首页 男生 其他 全职法师:我能偷魔法

第17章 白痴

  魔都。

  夜色中的魔都,是光的海洋。

  高耸的魔法塔楼顶闪烁着幽蓝色的光芒,街道两侧的霓虹灯将整座城市染成一片流动的彩色。

  林叙白站在窗前,看着这座城市的夜景,手中端着一杯凉透的茶。

  三个月了。

  邵郑给他们安排的住处,在魔都近郊的一栋独立小楼里。

  不是帝都,不是任何一个政治中心,而是一座纯粹的、商业的、魔法力量雄厚的城市。

  邵郑的原话是:“帝都的世家子弟不少,傻子更是不少。把你们安排在那里,我真怕有人不长眼,那乐子就大了。”

  他说这话的时候,表情是认真的。

  把林叙白和苏玄音安排在别的地方,也不太合适。

  魔都不同——这里的魔法力量雄厚,禁咒法师的数量在国内首屈一指,真要出了什么事,至少有人能顶上。
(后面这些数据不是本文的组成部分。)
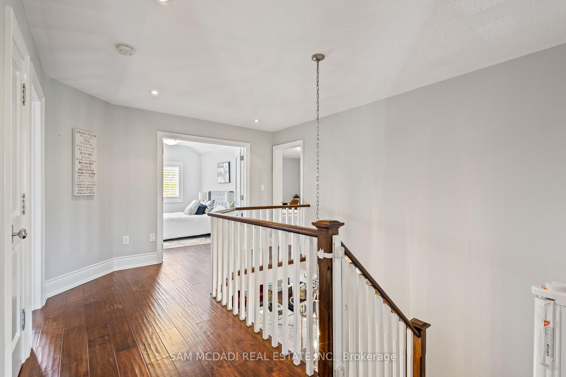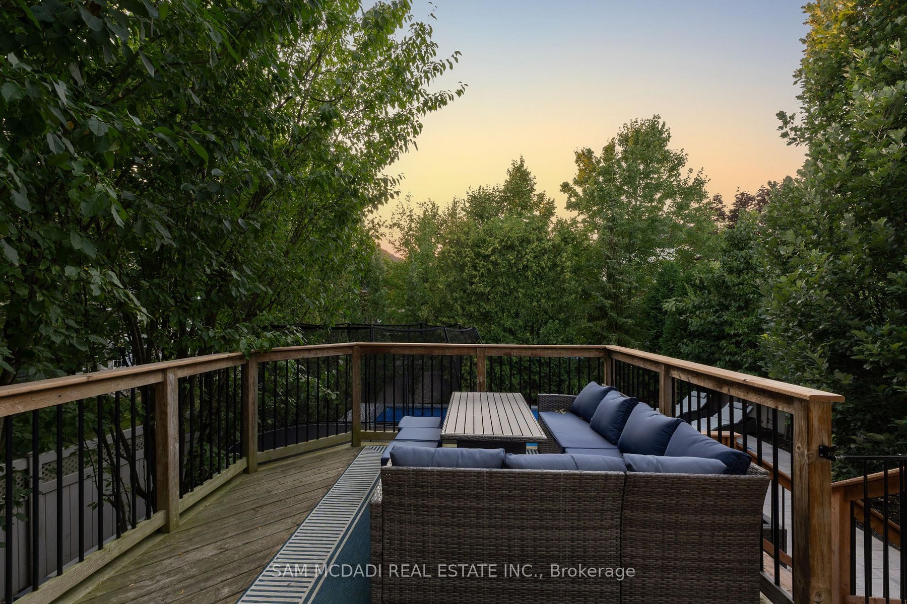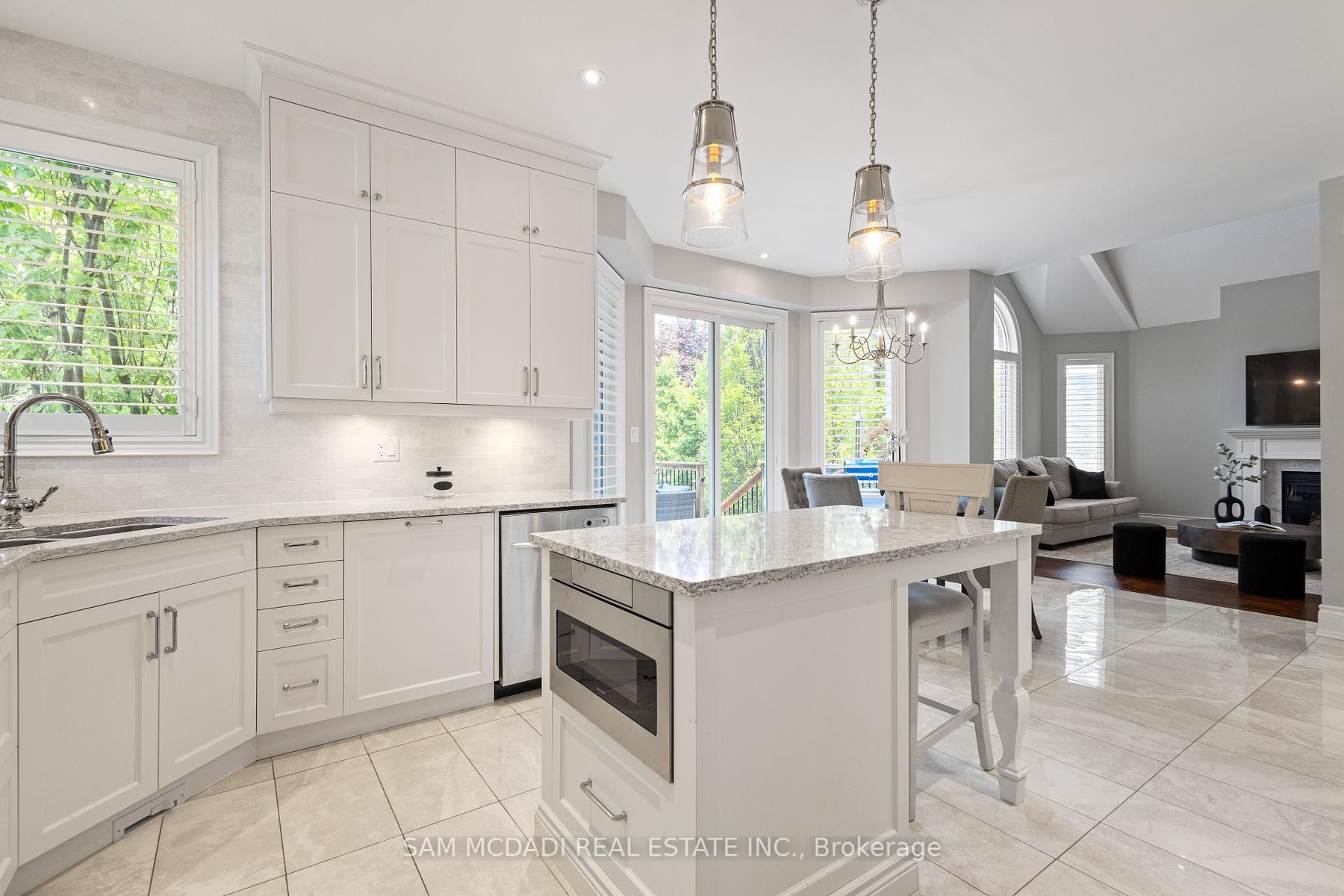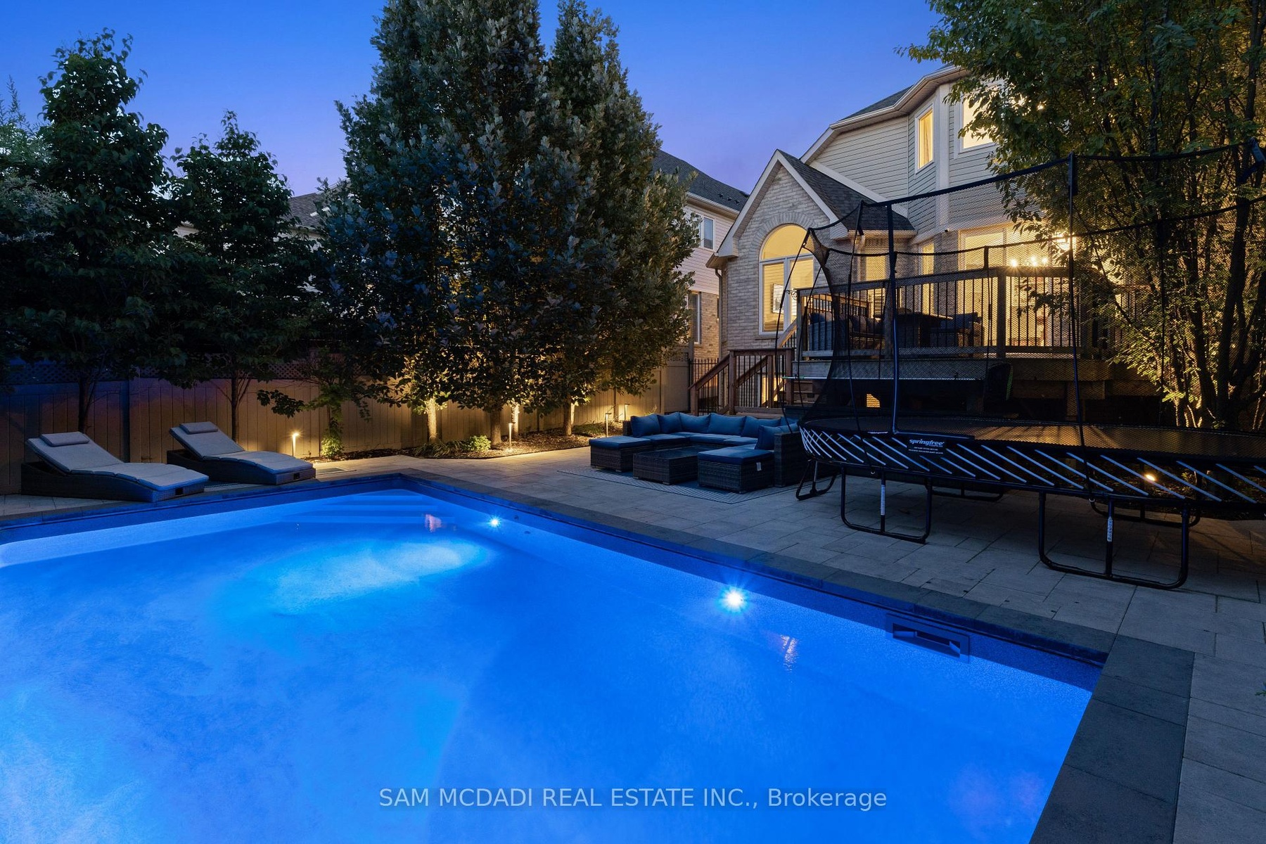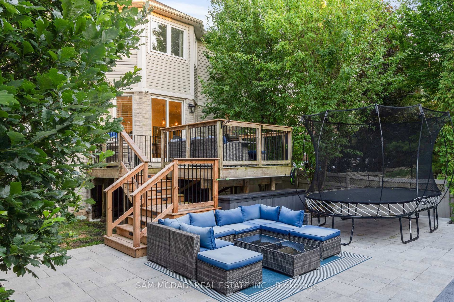 DescriptionNestled on a quiet crescent in Burlington's established Millcroft community, this beautifully updated 4+1 bedroom, 4-bathroom home offers over 3,800 sq ft of stylish, functional living space tailored for modern family life and effortless entertaining. From the moment you enter, thoughtful upgrades shine, LED pot lights, oversized windows, and walnut-engineered hardwood floors set a warm, sophisticated tone. The standout family room impresses with its vaulted ceiling, gas fireplace, and arched windows that flood the space with natural light. The open-concept kitchen and breakfast area walk out to the backyard deck, seamlessly blending indoor comfort with outdoor living. Designed with both beauty and performance in mind, the kitchen features Cambria quartz countertops, a $14,000+ Miele induction range, KitchenAid appliances, and a built-in microwave neatly integrated into the island. Upstairs, the serene primary suite invites relaxation with a spa-like ensuite featuring a freestanding slipper tub, frameless glass shower, dual vanities, and a heated towel rack. Three additional bedrooms and a full bathroom complete the upper level with ample space and comfort. The finished basement extends the home's versatility with a bright recreation room, fifth bedroom with walk-in closet, full bathroom, and generous storage. Step outside to your own private backyard resort. Redesigned in 2023, the outdoor space boasts a custom $160K upgraded inground pool, multi-level lounging areas, and a low-maintenance vinyl fencing for full privacy. Landscape lighting (2024) adds a touch of evening ambiance, while Wi-Fi-enabled irrigation and pool controls put smart convenience at your fingertips. Superb location just minutes to top-rated schools, Millcroft Golf Club, parks, shopping, dining, with easy access to Highways 407 & QEW and transit via Appleby GO Station.Amenities- Auto Garage Door Remote

  更重要的是,这里有不少邵郑的老朋友,可以帮忙看着那些“不长眼的傻子”,让他们不要往枪口上撞。

  事实证明,邵郑的安排是对的。三个月来,没有人来打扰他们。

  林叙白安安静静地翻阅了邵郑提供的古遗迹资料——楼兰、三星堆、殷墟、金沙——每一处遗迹的资料都详实可靠,邵郑没有哄他。
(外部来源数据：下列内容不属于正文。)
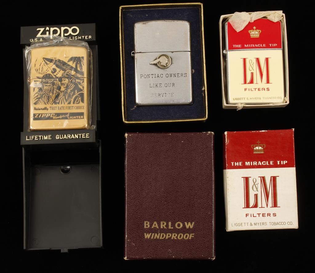 Pontiac Owner's Zippo engraved 'Miller Whitfield Inc, Toledo, OH" in box. Sold Brass Zippo with WWII Military motif and an L&M Tobacco Co. Zippo in original box.
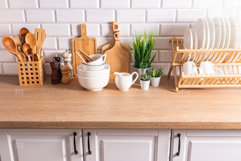Красивый кухонный фон с различными предметами и кухонной утварью из экологически чистых материалов. деревянная столешница, стена из белого кирпича
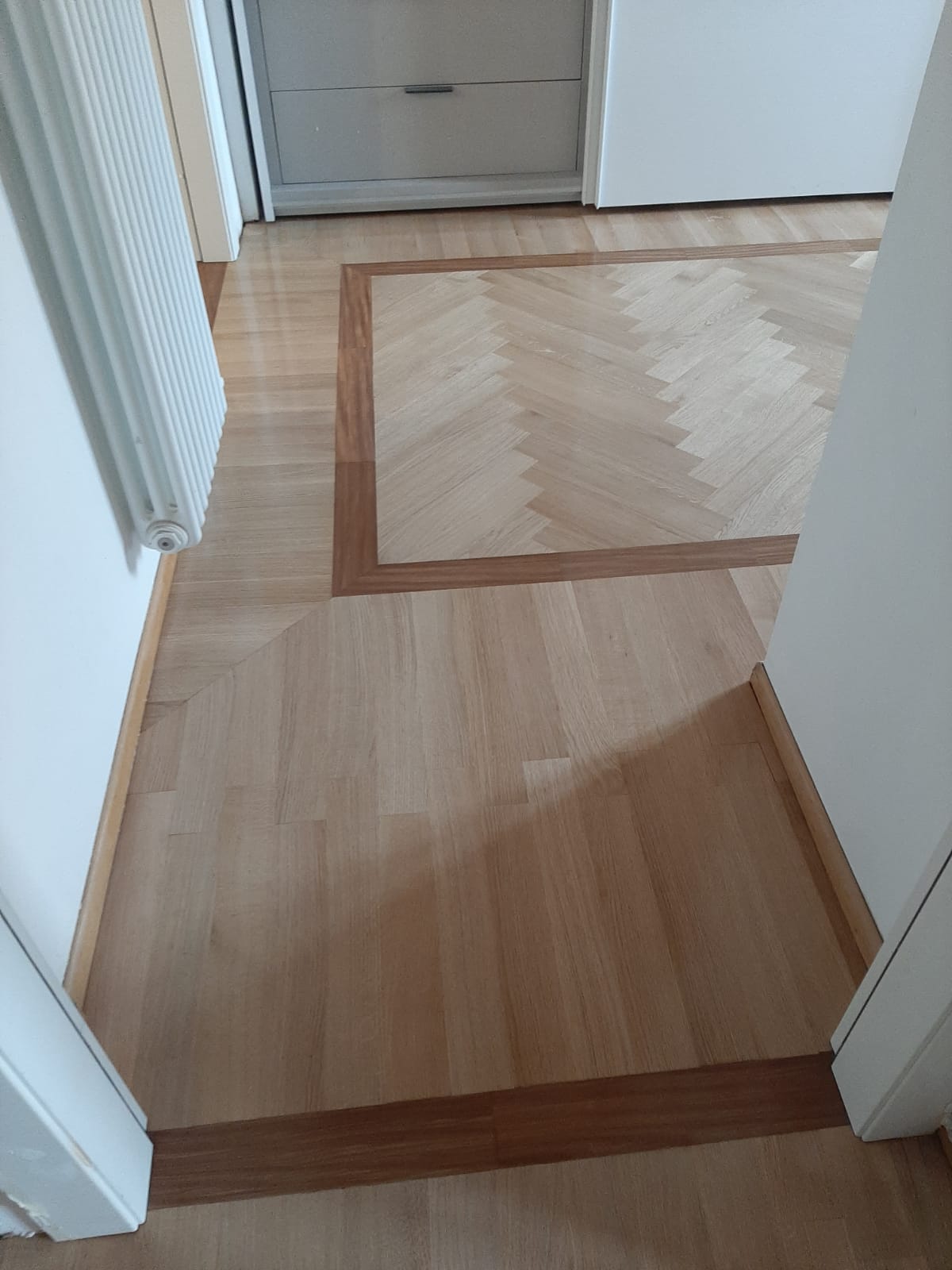 Nel quartiere Ortica, dove Jannacci esercitava come medico di base e si ritrovava al “Gatto Nero” (oggi Osteria del Generale), siamo intervenuti su un affascinante appartamento di ringhiera, ristrutturando il bagno, l’impianto elettrico e l’impianto idrotermosanitario, oltre al carteggio e ritinteggio delle travi a vista. Particolare rilievo ha avuto il recupero del parquet: alcune porzioni ammalorate e distaccate sono state risanate, lamate e infine verniciate. Il risultato è stato un netto effetto prima/dopo, riportando la superficie alla qualità estetica e materica originaria. La committenza ha infine valorizzato cucina e soggiorno con una palette di colori pastello che ha aumentato luminosità e coerenza dell’insieme.

  有些遗迹他已经抽时间去实地查看过,有些还在计划之中。

  他的书又厚了不少,那些被时光掩埋的历史,一页一页地被他从黑暗中打捞出来,重新拥有了被阅读的可能。

  此刻,夜深了。

  林叙白放下茶杯,躺回床上。白色的长发散落在枕头上,浅红色的瞳孔在黑暗中微微发光,然后缓缓闭上。

  安静。

  黑暗。

  然后——

  “苏玄音。”

  林叙白睁开眼,声音中带着一丝无奈。他的目光落在床边——那位昆仑妖主正站在他的床尾,白色的长发在月光下泛着淡淡的光泽,金色的瞳孔中带着一种促狭的笑意。她的身影在黑暗中如同一只白色的幽灵,无声无息,却存在感十足。

  “大晚上的,不休息,你想做什么?”

  苏玄音歪了歪头,没有说话。她只是站在那里,嘴角微微上扬,看着林叙白那张难得露出一丝无奈表情的脸。

  三个月了。

  这三个月里,苏玄音做了很多事。她走遍了魔都的大街小巷,尝过了这座城市里所有的美食,看过了黄浦江上的日出日落,甚至学会了用人类的手机拍照和发朋友圈。

  她像一个真正的游客一样,贪婪地吸收着这个她阔别了千年的世界的一切。

  但她做得最多的事,是观察林叙白。

  她发现了一些很有趣的事情。

  这个家伙,看起来高冷,看起来无情,看起来对世间万物都不在乎——说白了,就是一个感情方面的白痴。

  这不是骂他,这是事实。

  他对感情的理解,停留在一种近乎原始的、本能的层面——他知道什么是好,什么是坏,什么是善意,什么是恶意,但他不理解那些更微妙的东西。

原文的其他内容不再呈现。